In Vitro PPB Study Results
Once the appropriate conditions have been identified, the fraction unbound will be measured in triplicate. The plasma protein binding of the positive control, warfarin, is also quantified along with that of the drug candidate. Depending on the results from the preliminary evaluation, it may be determined that an alternate method such as ultrafiltration or ultracentrifugation may be needed, which can be performed through our partners at the Drug Development Solutions Center, in Tokai, Japan.
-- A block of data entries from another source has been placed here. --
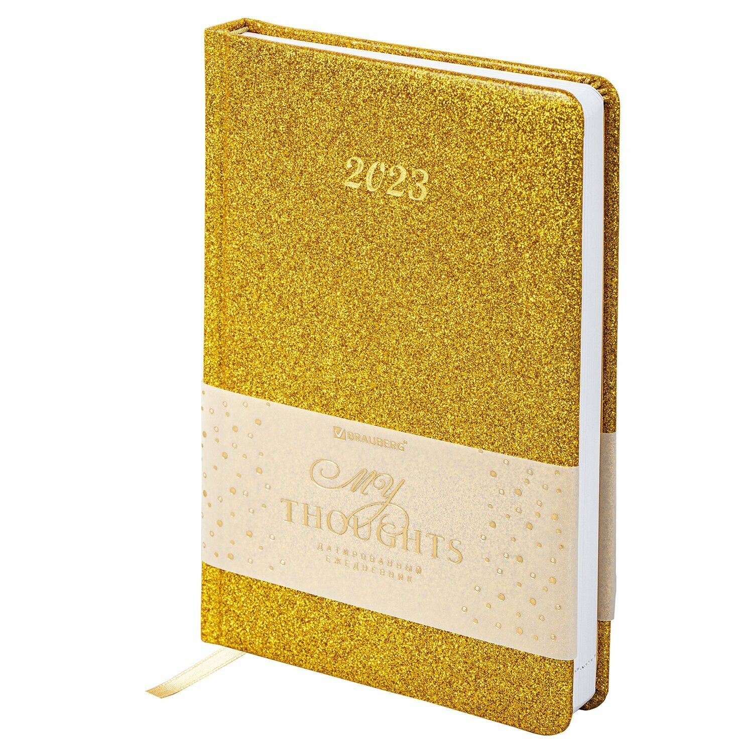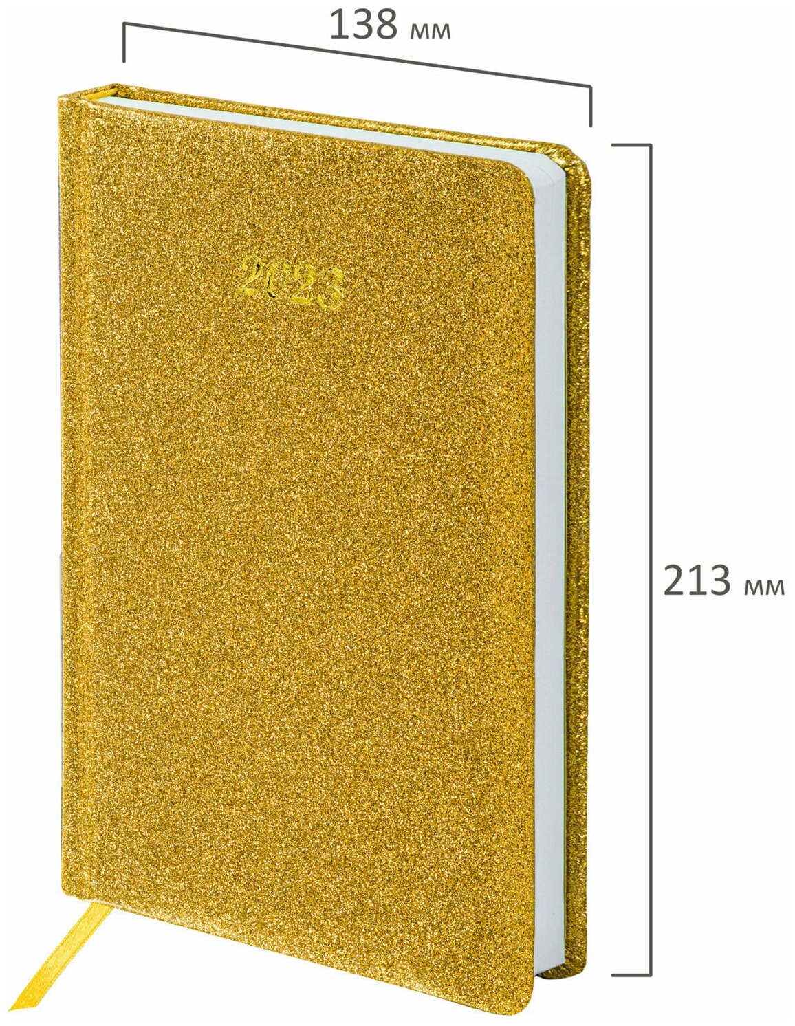 Ежедневник датированный Brauberg 2023 г, А5 138x213 мм "Sparkle", блестки, золотистый (114110)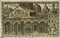 Natale Bonifacio de Sebenico (1537/38, in Sebenico – 23 February 1592, Sebenico) was a Venetian producer of engravings and woodcuts in Rome, where he lived and worked for most of his life. His plates are principally etchings. In 1590, he engraved for a book composed by Domenico Fontana, architect to Pope Sixtus V, concerning the laborious engineering of the moving and erection of the Vatican obelisk.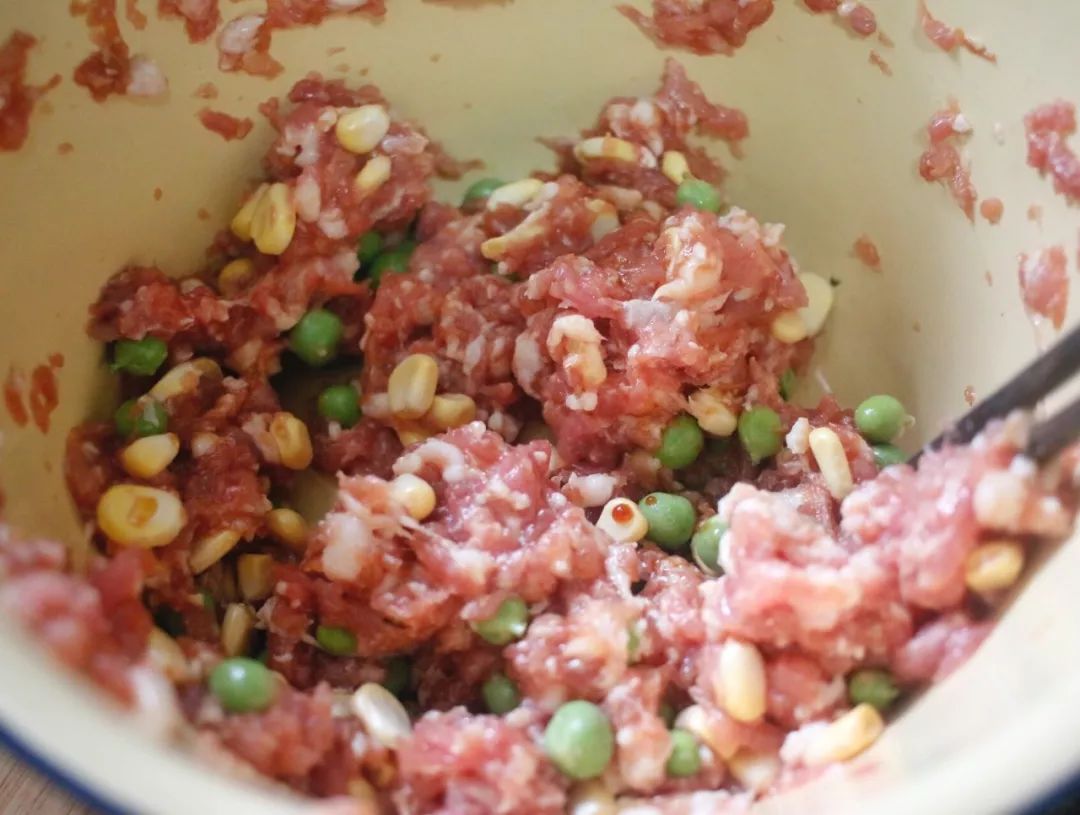 1、往豬肉糜中加入青豆、玉米粒;然后放入生抽、料酒、鹽、糖調(diào)味,攪拌至起勁,備用。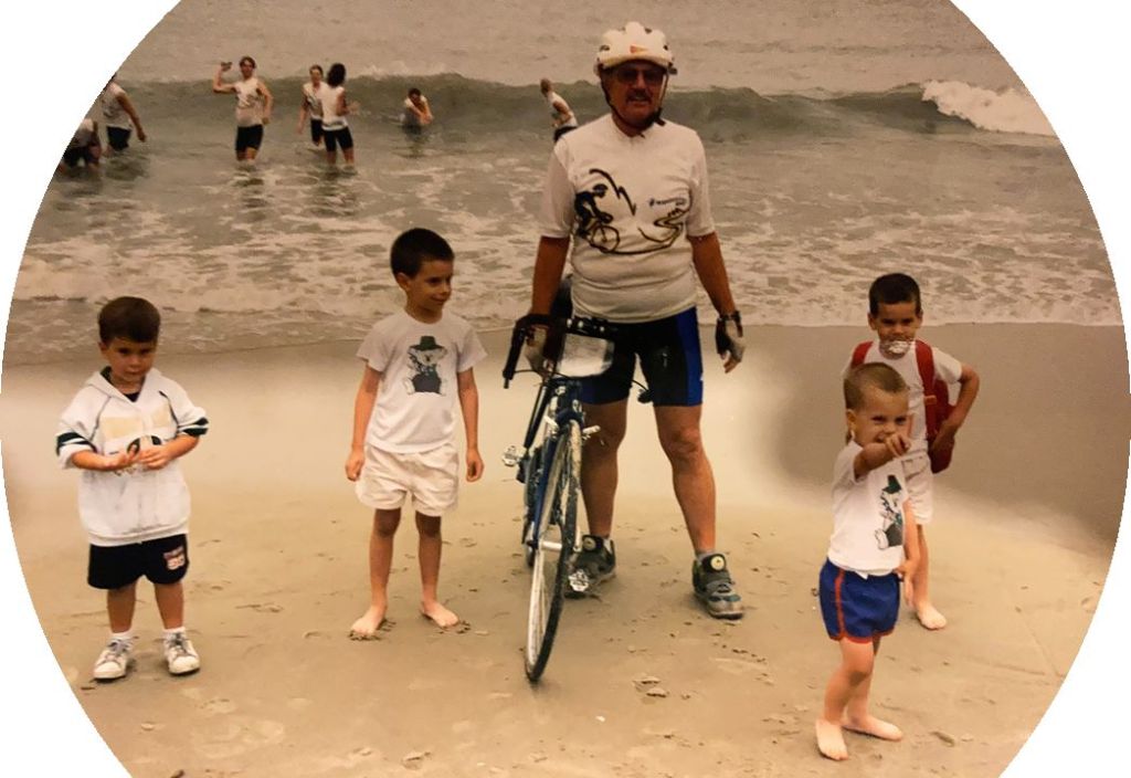 Dad finished his 3,200 mile cross country ride in Rehoboth Beach, Delaware. Our brother Willie was living in Schenectady, New York at the time so he came down to Rehoboth Beach. We were in Pittsburgh and took Mom over. It was drizzling when they rolled into town. Dad and some of his grandkids posed for a photo on the beach.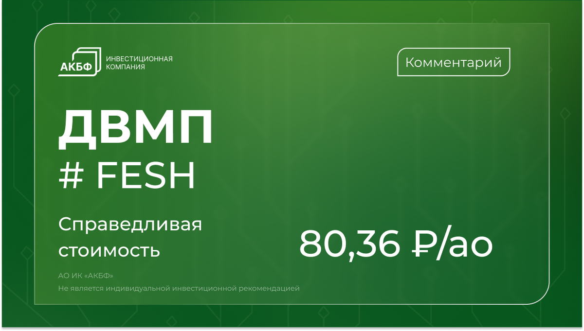 Акции ПАО «Дальневосточное морское пароходство» выросли на 40% с начала года, несмотря на снижение индекса Мосбиржи на 2%. Рост поддержан ожиданиями крупной сделки и масштабных инвестиций в логистику. Ключевым драйвером остается формирование совместного бизнеса с участием Росатома и DP World. Прогноз составлен 14.04.2026. ФАС согласовала сделку Росатома и DP World по созданию совместного предприятия. На 7 апреля она находилась на рассмотрении правительственной комиссии. В периметр СП войдет транспортная группа FESCO. Российская сторона получит 51%, DP World — 49%. Вклад Росатома — 92,5% акций ПАО «ДВМП». DP World внесет денежные средства, соответствующие рыночной стоимости пакета. Стороны планируют инвестиции в портовую инфраструктуру и флот ледового класса. Ожидаются также технологические вложения. С учетом этих факторов, в базовом сценарии оцениваем суммарные инвестиции в проекты FESCO в 2026–2032 гг. на уровне около 800 млрд руб. Развитие Северного морского пути ускоряется. К 2030 г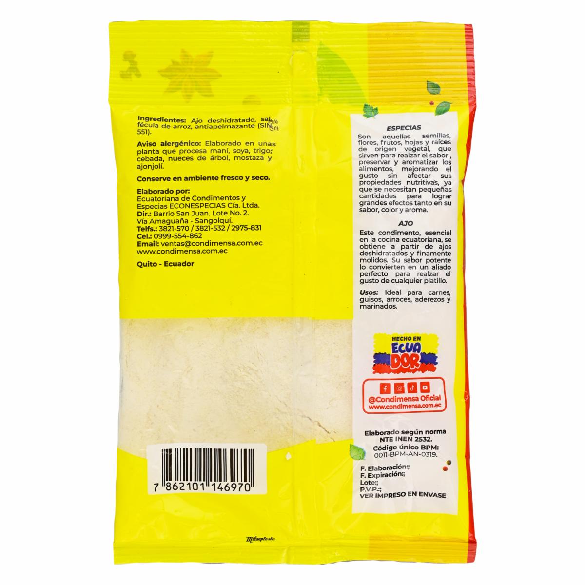 consultando preciosAjo En Polvo CONDIMENSA 100 G – CONDIMENSA. Disponible en nuestros locales. Precio y stock pueden variar según la tienda.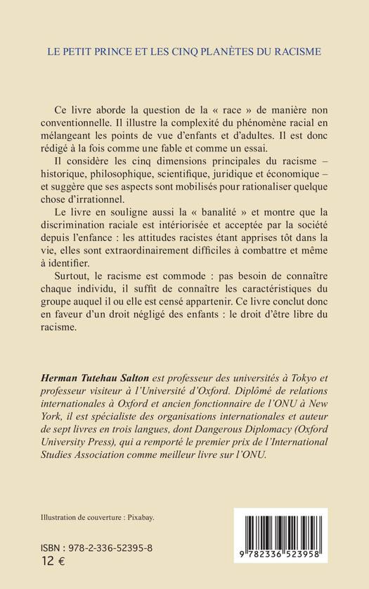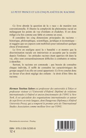 Ce livre aborde la question de la race de manière non conventionnelle. Il illustre la complexité du phénomène racial en mélangeant les points de vue d'enfants et d'adultes. Il est donc rédigé à la fois comme une fable et comme un essai. Il considère les cinq dimensions principales du racisme - historique, philosophique, scientifique, juridique et économique - et suggère que ses aspects sont mobilisés pour rationaliser quelque chose d'irrationnel. Le livre en souligne aussi la banalité et montre que la discrimination raciale est intériorisée et acceptée par la société depuis l'enfance les attitudes racistes étant apprises tôt dans la vie, elles sont extraordinairement difficiles à combattre et même à identifier. Surtout, le racisme est commode pas besoin de connaître chaque individu, il suffit de connaître les caractéristiques du groupe auquel il ou elle est censé appartenir. Ce livre conclut donc en faveur d'un droit négligé des enfants le droit d'être libre du racisme.

Additional Methods Available through the Drug Development Solutions Center
Discovery Plus™ Screening Suite presents medium-throughput alternatives to definitive metabolism & DDI studies through non-GLP, abbreviated versions of our definitive assays. This option is best used for comparison of multiple compounds or to yield preliminary data for definitive in vitro studies. Our medium-throughput screening service uses Rapid Equilibrium Dialysis to measure fraction unbound (fu), non-specific binding (% recovery) and the plasma stability (% remaining) of your compound. The study design allows evaluation of up to 15 compounds (plus a positive control) at a single concentration dialyzed against buffer at 37°C for four hours, with plasma from up to six different species and relative quantitation analysis by LC-MS/MS.
In vivo Plasma Protein Binding studies are also available to determine free drug concentration in plasma from treated animals or human plasma using radiolabeled or unlabeled compound.